Timing Matters More Than Most Visitors Realize
The bumpheads appear at first light. The wreck is silent at 7 a.m. and shoulder-to-shoulder by 10. Mola mola season runs roughly from July through October. A good operator builds the day around these rhythms, and travelers who understand them get a different island entirely.
What the East Coast Teaches the Hospitality Industry
I came to diving through hotels, not the other way around, and the East Coast has always struck me as a case study in restraint. The villages here grew an international reputation without surrendering their character. Homestays outnumber resorts. Local divemasters, many of them former fishermen, hold the institutional memory of every reef. Guests notice. Reviews from Amed and Tulamben mention names of guides and host families far more often than thread counts.
For resort operators elsewhere in Indonesia, the takeaway is worth stating plainly: the underwater asset is the product, and the community is the brand. Protect the first, invest in the second, and the marketing largely writes itself. The East Coast never ran a campaign. Divers did it for them, one logbook at a time.

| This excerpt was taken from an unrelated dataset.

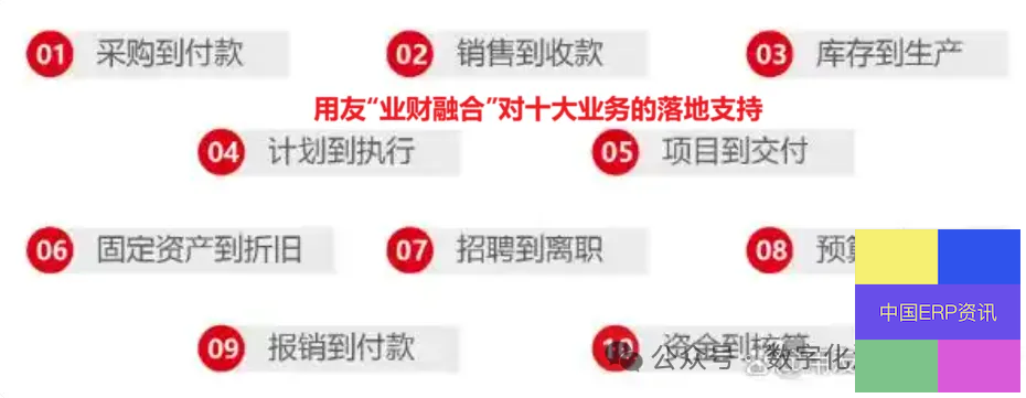 用友ERP业财融合助推实现企业10大典型业务落地,基本涵盖企业全业务链条。

The Quiet Case for Going East
Bali will always have two speeds. The South offers energy, nightlife, and convenience, and there is nothing wrong with wanting them. But the island rewards travelers who treat the airport as a starting line rather than a destination. Three hours east, the road narrows, Agung fills the windshield, and the sea turns the color of bottle glass.
Go for the wreck. Stay for the bumpheads at dawn, the salt farmers still working their palm trunks, and the strange calm of a coastline that figured out how to share its reefs without selling them. That, more than any single dive site, is what the east coast of Bali has to teach.